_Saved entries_

-----

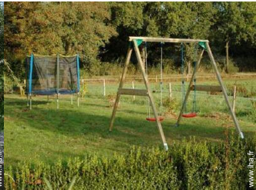
aménagement de loisirs
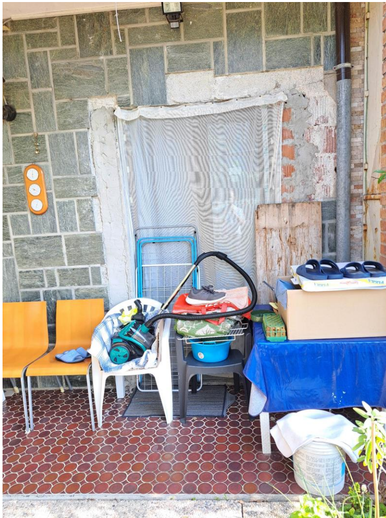
Foto n° 5 - Lotto 1 - Comune di Pinzano al Tagliamento (PN) - Località Valeriano - Foglio 12 m.le 610 sub 4 - Veduta, dall'area di pertinenza, di porzione sud-est del fabbricato al piano terra. Al centro l'originaria finestra della camera, poi modificata in porta.
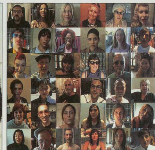
OLIVERA CAPARA/SHOW ANTWERP
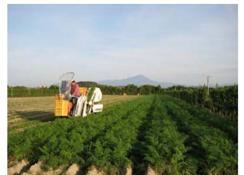
にんじんの収穫状況

また、各ほ場に設置されたスプリンクラーを活用することで、かん水時間の短縮を図っている。
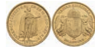
1049 20 Kronen, Gold, 1903, Franz Joseph I., Fb. 250, vz. 300,—
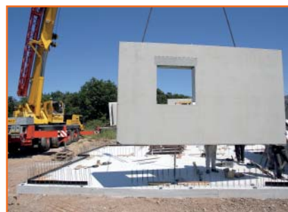
3. Die Elemente werden auf die Anschlussbewehrung der Bodenplatte gesetzt.
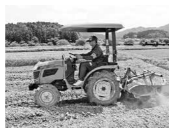
農業体験(篠山東中)
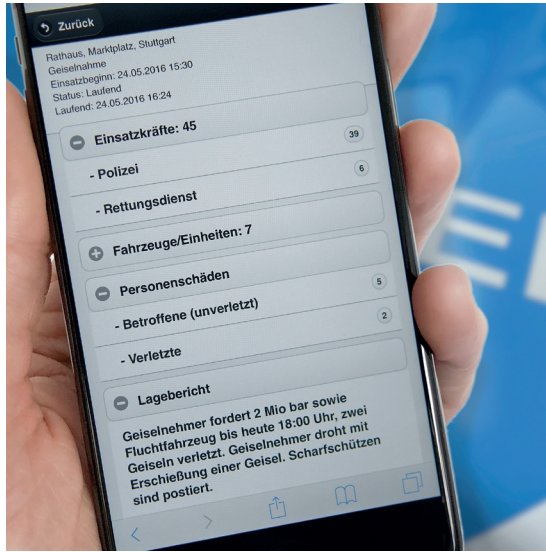
Abb. 3: Mobiler Zugriff auf Einsatzinformationen mit dem Smartphone

kräften vor die Medien tritt und sich diese nicht innerhalb von Minuten drastisch ändern – sofern dies nicht dem tatsächlichen Einsatzgeschehen entspricht. Bundesländer wie Baden-Württemberg mit dem „InterConnect Server“ für eine landesweite Datenpyramide oder Nordrhein-Westfalen mit dem Projekt VIDaL (Vernetzung von Informationen zur Darstellung der Landeslage) arbeiten an entsprechenden, mandantenfähigen Plattformen zur Lösung dieser Probleme.
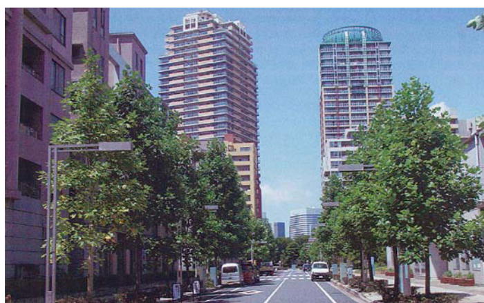
打瀬東通りからの眺め
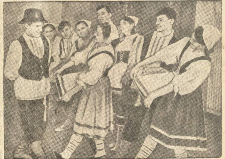
Молдавский танец в исполнении самодеятельного танцевального коллектива Рыбинского Дворца культуры ордена Ленина машиностроительного завода. Коллектив пользуется большой популярностью среди трудящихся Ярославской области.
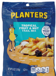
水果和坚果混合, 6 盎司 数量: 1
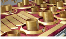
7 BİN KİŞİYE EKMEK KAPISI

Varank, Kahramanmaraş'ın 2020'de 800 milyon doların üzerinde ihracatını 1 milyar dolara ulaştıracağını vurgulayarak, "Ekonomi demek istihdam demek, sanayi demek istihdam demek. Biz Bakanlık olarak Sayın Cumhurbaşkanımızın liderliğinde bu şehri katma değerli sanayile buluşturmayı de-
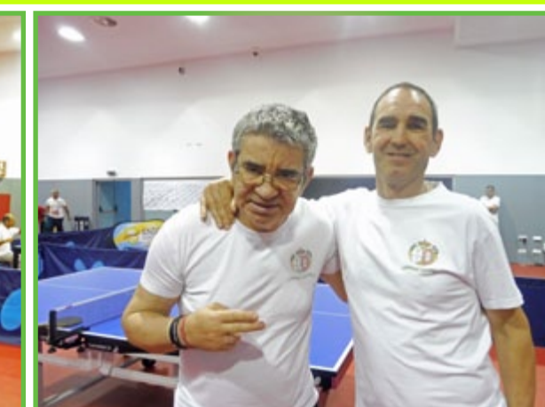
A amizade prevalece sempre
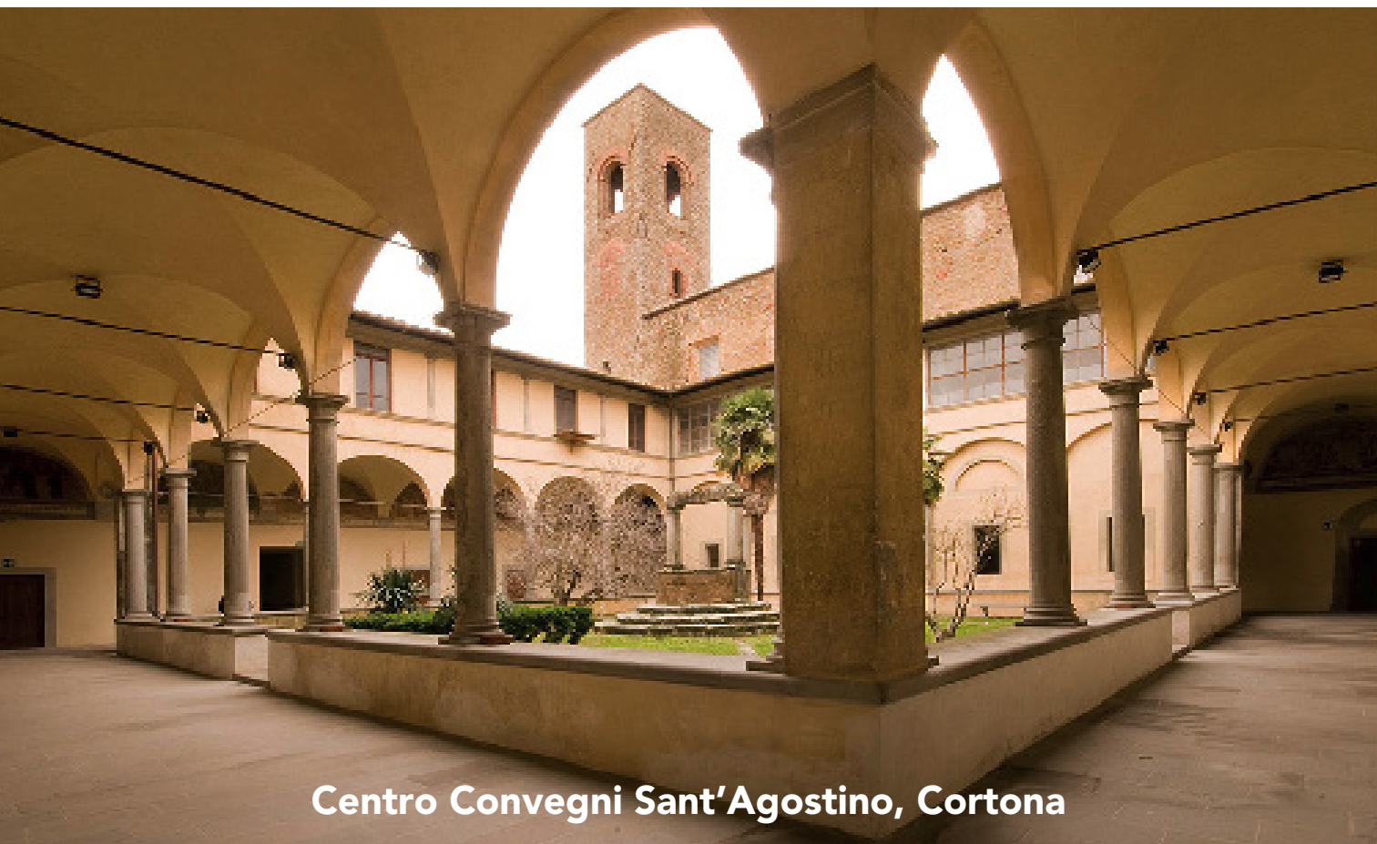
Centro Convegni Sant'Agostino, Cortona

L'assegnazione dei crediti formativi E.C.M. è subordinata alla presenza effettiva al 90% delle ore formative, alla corretta compilazione della modulistica e alla verifica di apprendimento mediante questionario online con almeno il 75% delle risposte corrette. L'attestato riportante il numero dei crediti sarà rilasciato solo dopo aver effettuato tali verifiche.
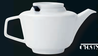
OCR-Nr. 16-4004-0465 | Teapot with cover/filter Théière avec couvercle/filtre · Teekanne mit Deckel/Filter Tetera con tapa/filtro · Teiera con coperchio/filtro 1,00 l · 34 ozs.
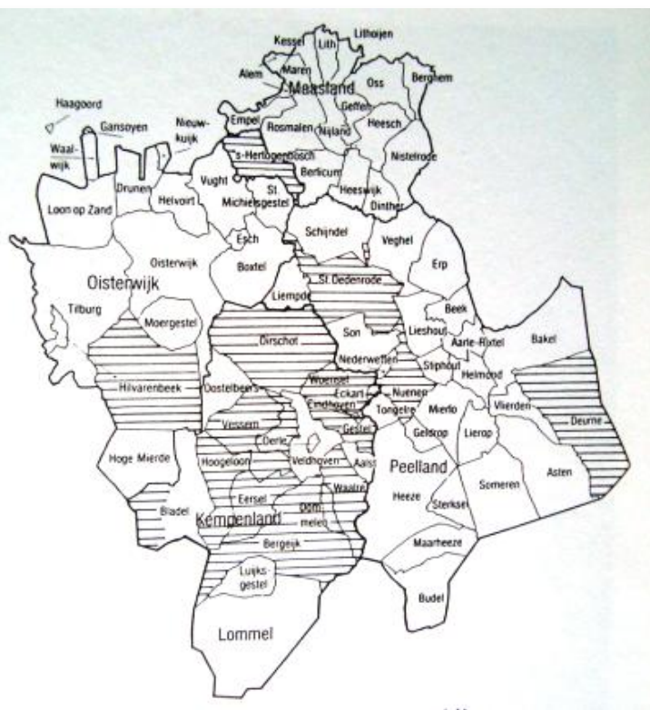
Verspreidingsgebied van wapens met de drielingbalken

H.L. van Broekhoven Schiedam, 8 november 2013
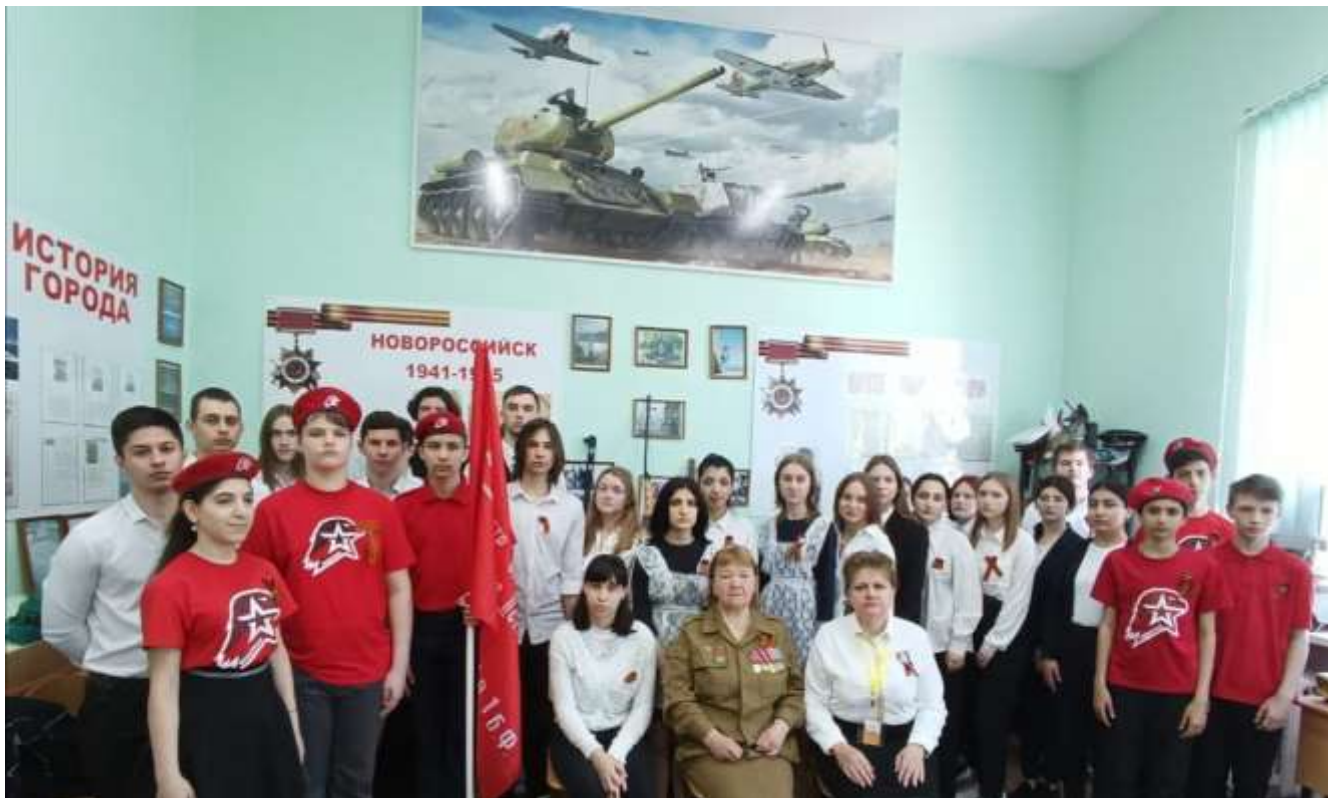
9 МАЯ 2024 ГОДА. ТОРЖЕСТВЕННАЯ ЛИНЕЙКА, ПОСВЯЩЕННАЯ 79-ГОДОВЩИНЕ ПОБЕДЫ В ВЕЛИКОЙ ОТЕЧЕСТВЕННОЙ ВОЙНЕ. «БЕССМЕРТНЫЙ ПОЛК»
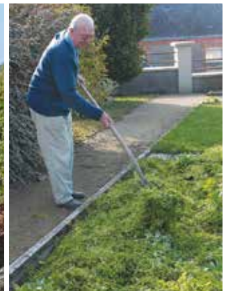
Il est possible de pailler avec des feuilles mortes ou des herbes fraîches.
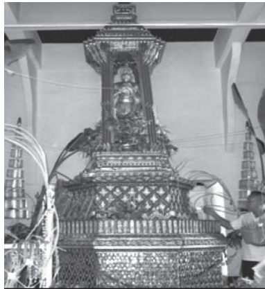
ภาพที่ ๑ เสาดินทขิลในปัจจุบัน มีพระพุทธรูปปางรำพึงครอบอยู่ด้านบน
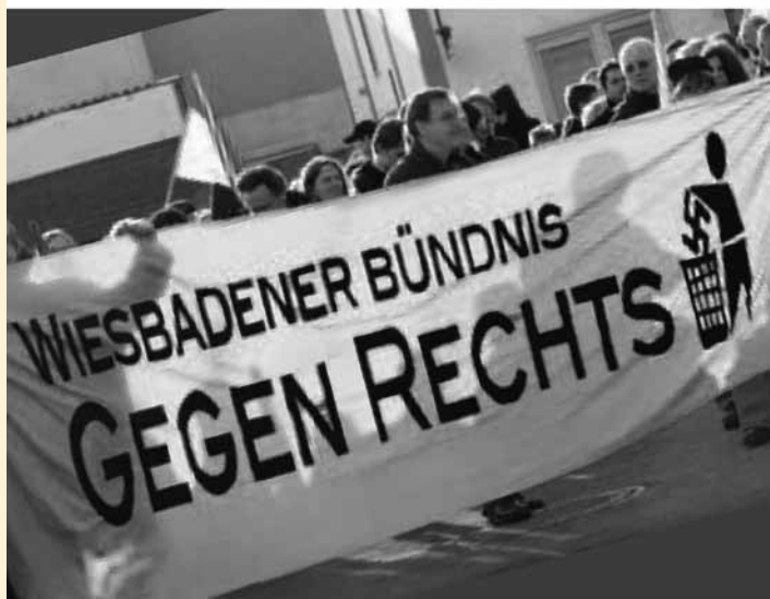
Wiesbadener Bündnis gegen Rechts - Römerberg 9 · 65183 Wiesbaden Mobil 0176-21231712 · kontakt@wiesbadengegenrechts.de

zum „aktivsten hessischen Kreisverband“ zu werden und durch monatliches öffentliches Auftreten eine Gewöhnung bei der Wiesbadener Bevölkerung zu erreichen.
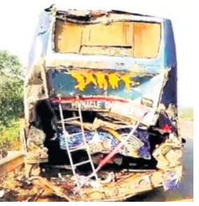
ଭୁବନେଶ୍ୱର ଗ୍ରାସ୍ତ ବସ୍

୧୨ ନଂ. ଜାତୀୟ ରାଜପଥର ଭଦ୍ରକ ଜିଲା ଭଞ୍ଜାରିପୋଖରୀ ଥାନା ଅଧୀନ ଛତାବନ ନିକଟରେ ଶୁକ୍ରବାର ରାତି ପ୍ରାୟ ୩ଟା ବେଳେ ଦିଲ୍ଲି ବୁର୍ସଟଣା ଯାତ୍ରୀ ବସ୍ ଧକ୍କା ଖାଇ ଏବଂ କଣ୍ଠେନର ଧକ୍କା ଦେବାରୁ ୧୨ଜଣ ଆହତ ହୋଇଛନ୍ତି। ସେମାନଙ୍କ ମଧ୍ୟରୁ ୭ଜଣ ଗୁରୁତର ଥିବାବେଳେ କଟକ ବଡ଼ ଡାକ୍ତରଖାନାକୁ ସ୍ଥାନାନ୍ତର କରାଯାଇଛି। ସୂଚନା ଅନୁଯାୟୀ, ଗତାଗୁ ପ୍ରାୟ ୫୦ରୁ ଊର୍ଦ୍ଧ୍ୱ ଯାତ୍ରୀଙ୍କୁ ନେଇ 'ନିର୍ମି' ନାମକ ବସ୍ ପୁରୀ ଅଭିଯୁକ୍ତ ଯାଉଥିବା ବେଳେ ଛତାବନ ନିକଟରେ ଗାୟାର ପକ୍ଷରୁ ହୋଇଯାଇଥିଲା। ବସ୍ତୁ ରାସ୍ତାପାର୍ଶ୍ୱରେ ସାଇଡ୍ କରି ଚଳା ବଦଳାଉଥିବା ବେଳେ ପଛପଟୁ ଦୁରନ୍ତରେ ଯାଉଥିବା ଏକ ବାଲି ଦେଖି ହାଇଡ୍ରା ଧକ୍କା ଦେଇଥିଲା। ତା' ପଛକୁ ଏକ କଣ୍ଠେନର ମଧ୍ୟ ହାଇଡ୍ରା ସହ ବସ୍ତୁ ଧକ୍କା ଦେଇଥିଲା।

-----

_ACTIVITY_
Once the line with "3. Die Elemente" is found above, print it and every line after it through the line with "7 BİN KİŞİYE EKMEK KAPISI", exactly. Pictures stay out.

_EXERCISE RESULT_
3. Die Elemente werden auf die Anschlussbewehrung der Bodenplatte gesetzt.
農業体験(篠山東中)
Abb. 3: Mobiler Zugriff auf Einsatzinformationen mit dem Smartphone

kräften vor die Medien tritt und sich diese nicht innerhalb von Minuten drastisch ändern – sofern dies nicht dem tatsächlichen Einsatzgeschehen entspricht. Bundesländer wie Baden-Württemberg mit dem „InterConnect Server“ für eine landesweite Datenpyramide oder Nordrhein-Westfalen mit dem Projekt VIDaL (Vernetzung von Informationen zur Darstellung der Landeslage) arbeiten an entsprechenden, mandantenfähigen Plattformen zur Lösung dieser Probleme.
打瀬東通りからの眺め
Молдавский танец в исполнении самодеятельного танцевального коллектива Рыбинского Дворца культуры ордена Ленина машиностроительного завода. Коллектив пользуется большой популярностью среди трудящихся Ярославской области.
水果和坚果混合, 6 盎司 数量: 1
7 BİN KİŞİYE EKMEK KAPISI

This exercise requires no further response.